Friday 24 September 2010

Early Gehry, Quirky

Dennis Sharp’s “The Illustrated Encyclopedia of Architects and Architects” (Whitney Library of Design, 1991) is the ideal primer for a retiree who wants belatedly to specialize in one of his five Ph.D. prelims(American Art and Architecture). Consider, for example, my least favorite architect, Frank O. Gehry (b. 1929):”One of the ‘punk style’ architects, whose curious, irreverent buildings have been described as “functional sculpture” and Deconstructivist architecture.” (p.62.)

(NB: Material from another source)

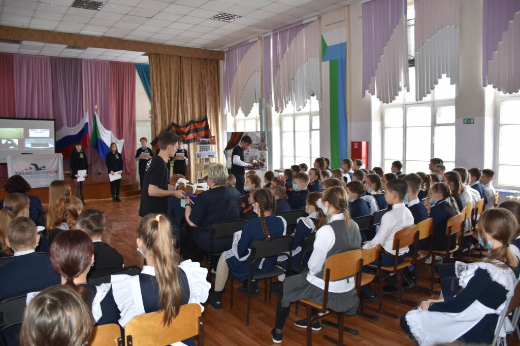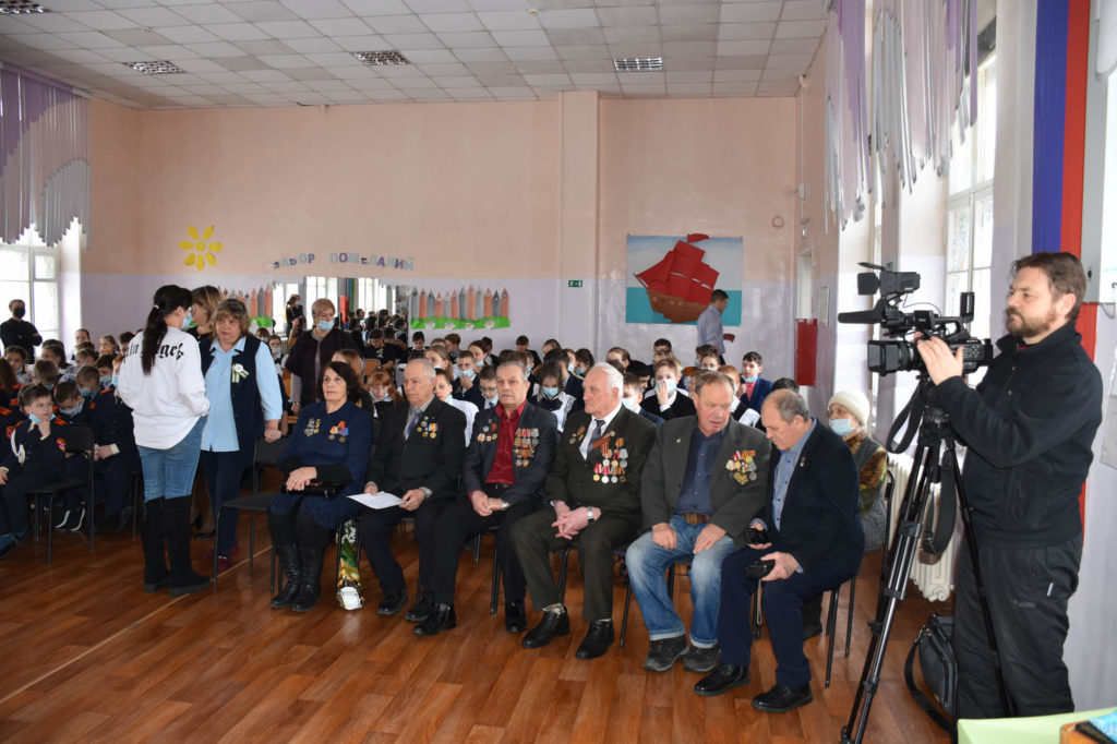 Отрепетировали, собрали детей 8 – 13 лет в актовый зал после уроков, пригласили совет ветеранов Ленинского округа, участников боевых действий на острове Даманском, а сам зал обставили экспонатами из своего музея.
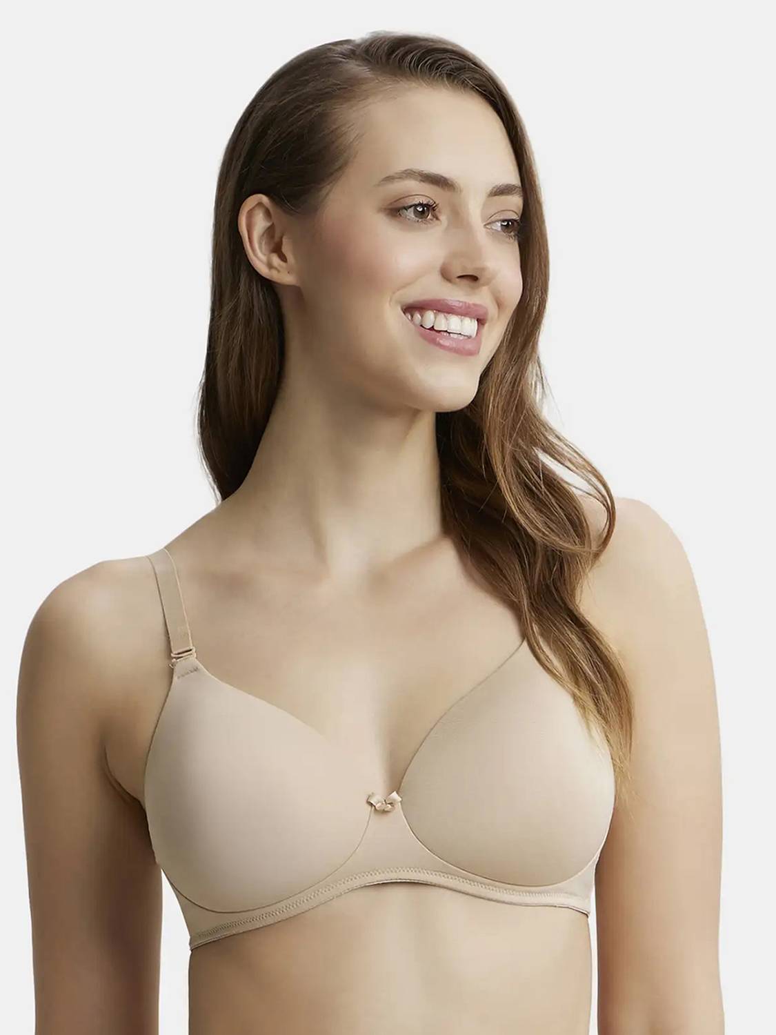 Jockey 1819 Wirefree Padded Microfiber Elastane Stretch Full Coverage T-Shirt Bra with Magic Under Cup - Light Skin. Elegantly crafted from the finest materials for a luxurious feel,Its the little details that make the Soft Wonder Collection a cut above the rest ? the only choice for the woman who appreciates the finer things in life. Soft Touch Microfiber Elastane Stretch Fabric ,Fabric Composition : Micro Nylon and Elastane ,Full Coverage Bra ,Wirefree and Padded ,Magic Under Cup for Extra Support ,Multiway Styling ,Soft and Smooth Adjustable Straps ,Label Free for All Day Comfort ,Based on the Size Band Of the Bra, the Number Of Hook and Eye Varies for Better Support. Hand wash, cold, Do not bleach, Do not wring, Drip dry in shade, Do not iron, Do not iron, Do not dry clean, Wash with like colours.

Long fascinated by painting and sculpture, his first notoriety derived in 1972 from his “chunky corrugated cardboard furniture”. “His distinctive exploded-then-reconstructed late architectural style began to emerge in the late 1970’s, when the design for his home in Santa Monica used corrugated metal, an exposed wooden frame and shields of chain link fencing.”

He whined that if Jasper Johns and Donald Judd “can make beauty with junk material, then why can’t that transfer into architecture?” The short answer is that two wrongs don’t necessarily make a right. The public function of a building is what establishes the perimeters of a structure, not the fantasies of an aspiring abstract inexpressivist sculptor. And as Aristotle argued centuries ago, to my complete agreement, the user of the building is the ultimate judge of its value, not any old Pritzker seeker.

Gehry continued his quirkiness with his Mid-Atlantic Toyota Distributorship offices in Santa Monica—a maze of odd-shaped offices painted in different colors. Then Loyola Law School L.A. with an aluminum portico and Romanesque-style chapel made from plywood and glass. Sharp concludes this ritual esthetic genuflection with ultimate praise for the Vitra Design Museum in Weil-am-Rhein, Germany, described as a “jumble of plain white geometric shapes” resembling a Russian Constructivist sculpture. “Inside is a calm top-lit space with galleries linked by bold curving ramps”.

Ah yes, the site of my first Gehric anti-epiphany! Vitra’s exposition history has made it my favorite design museum. But on my first visit I found climbing to that top had exhausted me, ramps or not. I sat down to catch my breath and speculate why I no longer buy the Bilbao principle! (Build a Titanium Rorschach puzzle and front with a Jeff Koons bubble and the cowed shall come.)

I got it. I was exhausted because FOG had designed it outside in. That Johnny Came Lately jumble of plain white shapes was the (literally) breath-taking climb of the ramps! Just as the last FOG I saw MART museum in Herford, Germany deploys tacky plywood as an offbeat entrance to the main gallery.I mean not first class plywood. Tacky tactics. “Get me a Gehry!” is the other-directed refrain of many mindless art museum functionaries to whom the off-beat is ipso facto the innovative superlative!

But a new architectural style may be raising its timid but brave head—“humanitarian design,” exemplified by San Francisco based idealist, Cameron Sinclair, founder of Architects for Humanity. Bilbao exemplifies what I call the Alice Rawsthorn Principle: 90 percent of our designers serve 10 percent of the population. The bottom 10% needs more help. Much more.

This all began in earnest in 1932 when the rich Harvard grad Philip C. Johnson defined style not human service as the main ingredient of Modern Architecture in his defining exhibition at MOMA. Almost a century later, under the more civilized (and humane) MOMA director Barry Bergdoll, human service reenters the global discussion of architecture. See Christopher Hawthorne, “Humanitarian design rises in MOMA’s upcoming ‘Small Scale, Big Change’,” L.A. Times (9/14/10). We need to stop praising the Quirk peddlers and think more about the 90% who are mostly ignored by our designers. I think we’re ready to come to architectural terms with our global neighbors.